The Long-Term Perspective
Building positive workplaces requires sustained effort and genuine commitment. You can’t fake caring about employees – they’ll see through superficial changes immediately.
But the investment pays dividends. Dealerships with positive cultures consistently outperform toxic competitors in:
- Sales volume
- Customer satisfaction
- Employee retention
- Profitability
- Community reputation
Breaking the Cycle
The automotive industry has tolerated toxic work environments for too long. Hit the bar after work, chat someone up and you’ll get insights that reflect experiences across countless dealerships where talented people are driven away by greed, disrespect, and short-sighted management.
This doesn’t have to be your story.
You can build a dealership where people want to work, customers want to buy, and everyone benefits from mutual success. It starts with recognizing that your employees are your most valuable asset, not just another expense to minimize.

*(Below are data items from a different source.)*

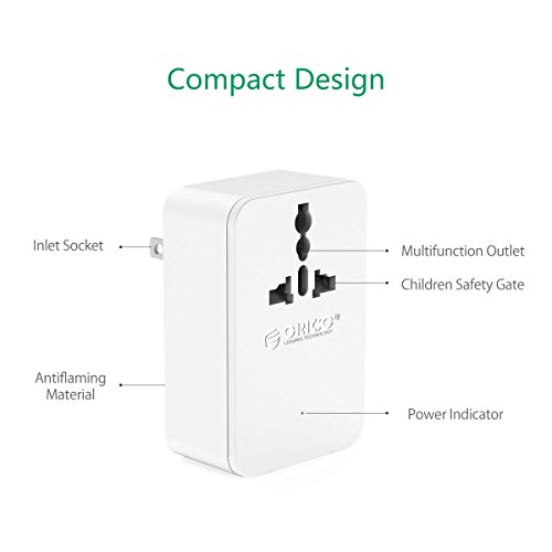ORICO Universal Power Plug Travel Converting Adapter with 20W 4 USB Charging Ports Power Strip
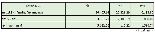 สมาคมตลาดตราสารหนี้ไทย รายงานภาพรวมตลาดตราสารหนี้ไทยประจำวันนี้ โดยมีมูลค่าการซื้อขายรวมทั้งวัน 112,049 ล้านบาท สะท้อนสภาพคล่องที่ยังคงอยู่ในระดับสูง เมื่อพิจารณาตามประเภทนักลงทุน พบว่ากลุ่มบริษัทหลักทรัพย์จัดการกองทุนรวมเป็นผู้ซื้อสุทธิสูงสุด 6,134 ล้านบาท ตามด้วยกลุ่มบริษัทประกันที่ซื้อสุทธิ 868 ล้านบาท ขณะที่นักลงทุนต่างชาติมีกระแสเงินลงทุนไหลเข้าสุทธิ 1,511 ล้านบาท จากการซื้อสุทธิทั้งจำนวน โดยไม่มีตราสารหนี้ที่นักลงทุนต่างชาติถือครองครบกำหนดอายุในวันนี้
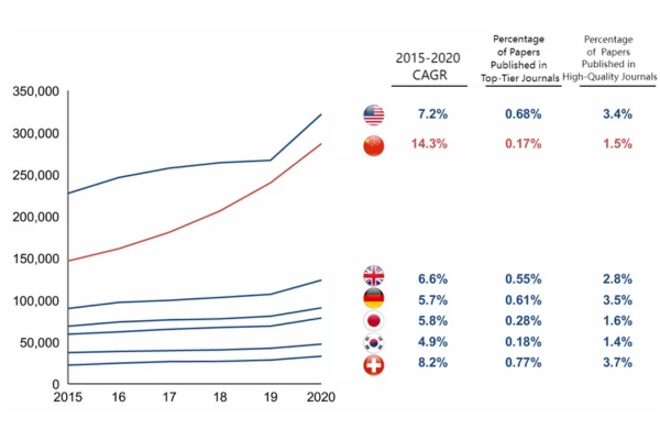 Entre 2015 y 2020, el número de artículos publicados por China en el campo de la biomedicina creció a una tasa compuesta anual promedio del 14,3%, alcanzando casi 290.000 publicaciones en 2020.
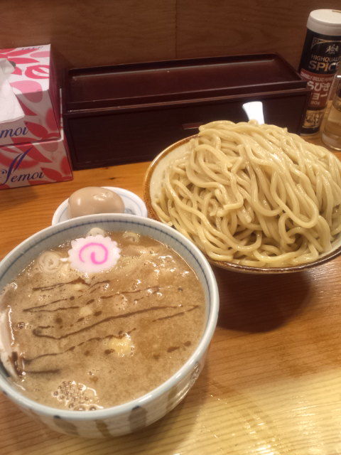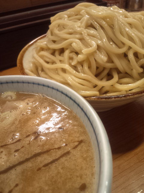 昼前の所用をさっさと終わらせたのはいいが銀座です。いつもの通り?ガッツリ食べたい感じを埋めようと来たのがコチラ。寡黙な厨房内にちと堅めな空気を感じていると、つけめん到着♪
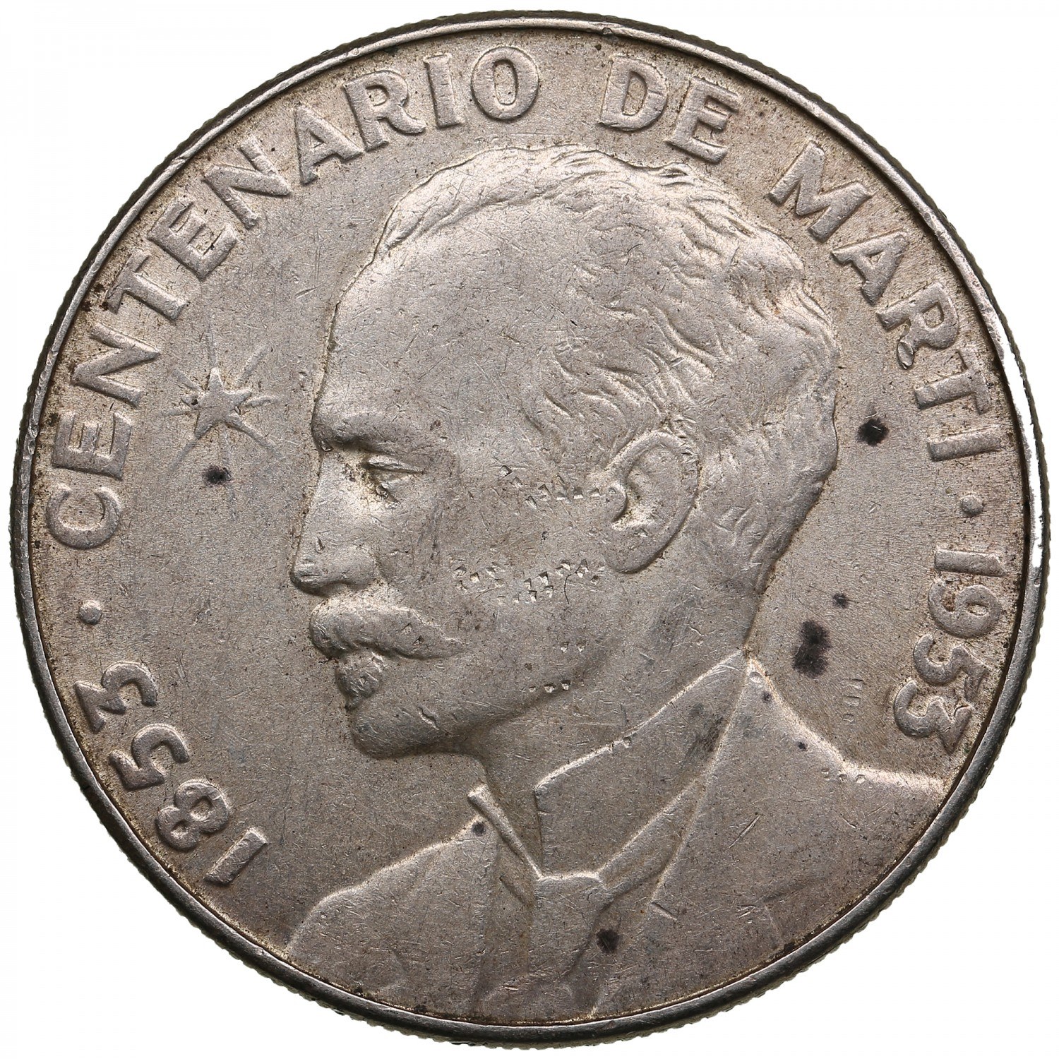26.76g. VF+/VF+. Circulating commemorative coin: 100th anniversary of the birth of José Martí, Cuban national hero. KM 29.
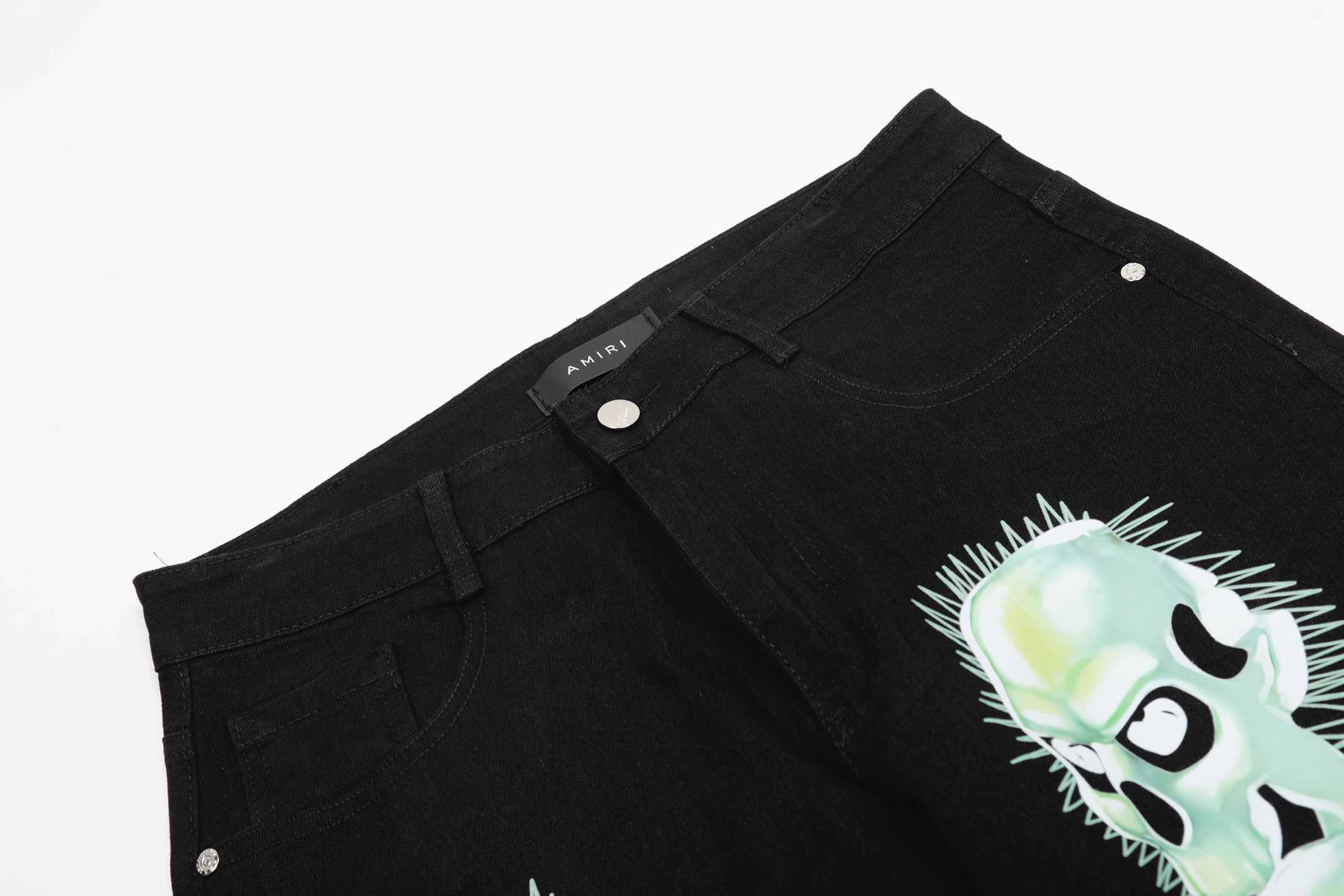 #M23 Amiri满印骷髅☠️印花小脚牛仔裤修身小脚牛仔裤
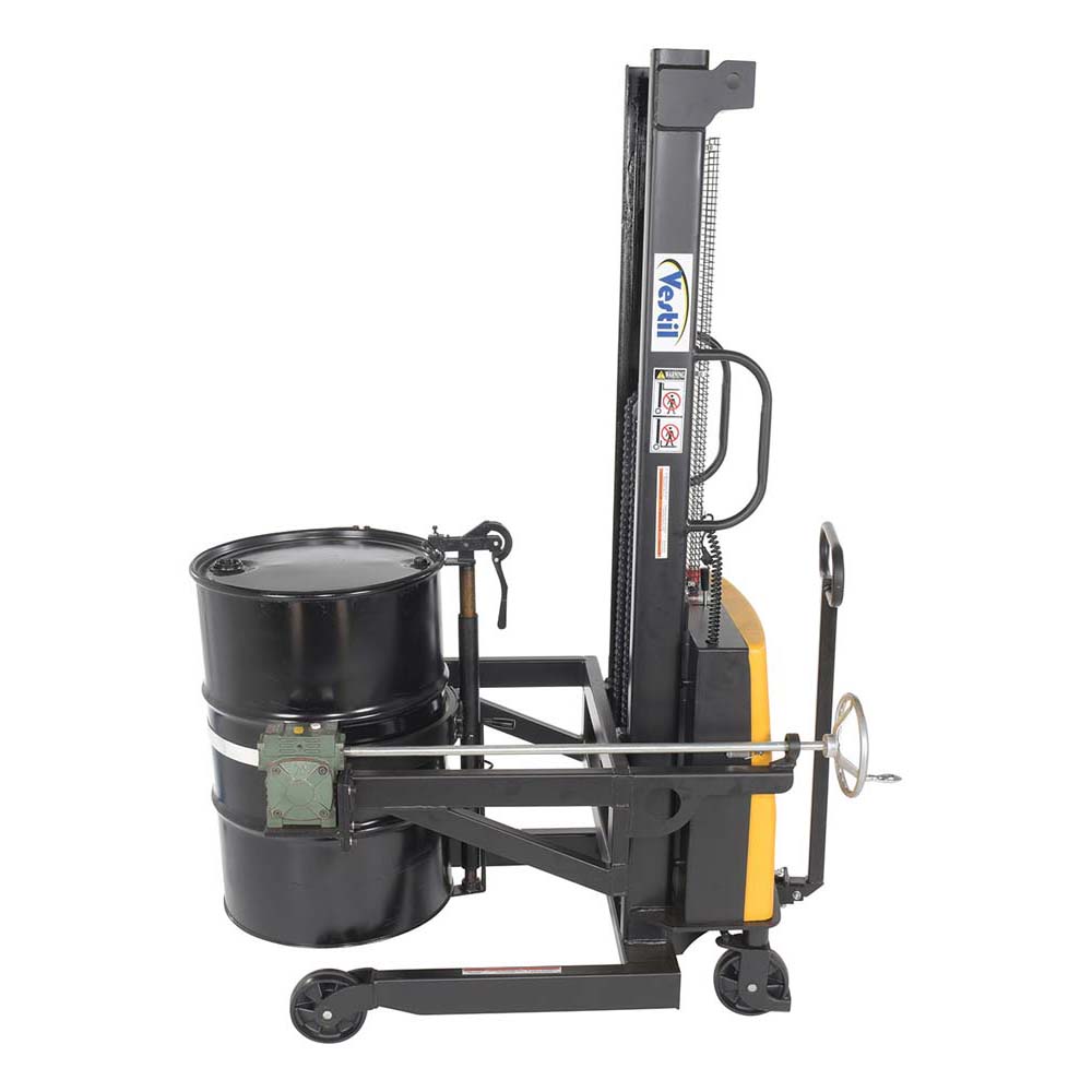 A Portable Drum Lifter/Rotator/Transporter has a DC battery powered lift operation and a manual hand crank gear mechanism rotation (on-board charger standard). For use with steel and fiber drums.

When you create environments where people feel valued, trusted, and respected, they’ll move mountains to help your dealership succeed. They’ll go above and beyond for customers, refer friends to work with you, and become advocates for your business throughout the community.
The Bottom Line
Every dealer claims they want to sell more cars. Most focus on inventory, advertising, and promotional strategies while ignoring the foundation of all success: their people.
Stop treating employees like necessary evils and start treating them like the professionals they are. Pay them fairly, trust them appropriately, and support their success. Create positive workplaces where people thrive instead of just survive.
When you get this right, selling more cars becomes natural. Happy employees create happy customers, and happy customers buy cars and refer friends who buy more cars.
The choice is yours: continue the cycle of toxicity that’s plaguing our industry, or become the dealership that stands out for all the right reasons. Your employees, customers, and bottom line will thank you for choosing wisely.
Transform your workplace culture, and watch your sales numbers follow. It’s not magic – it’s just good business.